Между тем поверхность тела Корнелии тоже была еще покрыта лоснящейся серебрянкой. Мелкие трещины прорезали краску, образуя причудливые морщины. Девушка самой себе внушала мысль о телесной нечистоте, сравнимой с окружающей, вселенской, поэтому она пригласила Чингиза в свой номер в дешевом переполненном отеле, расположенном поблизости — в Barri Gotic. Чтобы помыться.
В душном номере она спряталась в закутке для душа. Чингиз в это время сидел в ногах неприбранной постели, перелистывая фантастический роман Филипа  К. Дика под гипнотическим названием «Убик».
Шум воды возбудил его, как принцесса — карлика из сказки.
 — Это интересная книга? — спросил Чингиз, вслушиваясь в неровный звук душа, чтобы не молчать, когда Корнелия показалась наконец из уборной. Она была изумительна. Он смутился ее влажных волос и смуглого тела, завернутого в бледное нищее полотенце.
 — Очень, — просто и коротко ответила Корнелия. А потом, улыбаясь, добавила: — Пошли в кафе?
Розовое платье она надела, прикрывшись мертвенной дверцей зеркального шкафа. С испугом заметив в этом зеркале свое отраженье, Чингиз подумал: «Калека!».

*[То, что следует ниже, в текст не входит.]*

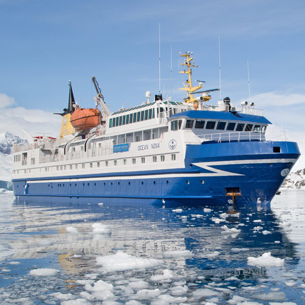 The Ocean Nova is a small, ice-strengthened expedition ship designed for intimate Antarctic adventures. It offers cozy cabins, panoramic lounges, and Zodiac boats for close-up wildlife and landing experiences.

Здесь же, в пресловутом готическом квартале, изнасилованном иноземной толпой, они нашли небольшой бар и присели на красные вычурные табуреты. Только теперь Чингиз увидел, как прекрасна, ослепительна и великолепна Корнелия, несмотря на то, что она уже начинала стареть и тускнеть. Он посмотрел на ее атлетические ноги, не прикрытые простым розовым платьем, и решил, что это ноги аристократического сильного существа, познавшего горную жизнь под сухим сумасшедшим солнцем.
Он спросил ее, где она росла и выросла.
 — Я из очень маленького города, — сказала Корнелия, — и из очень большой и бедной семьи.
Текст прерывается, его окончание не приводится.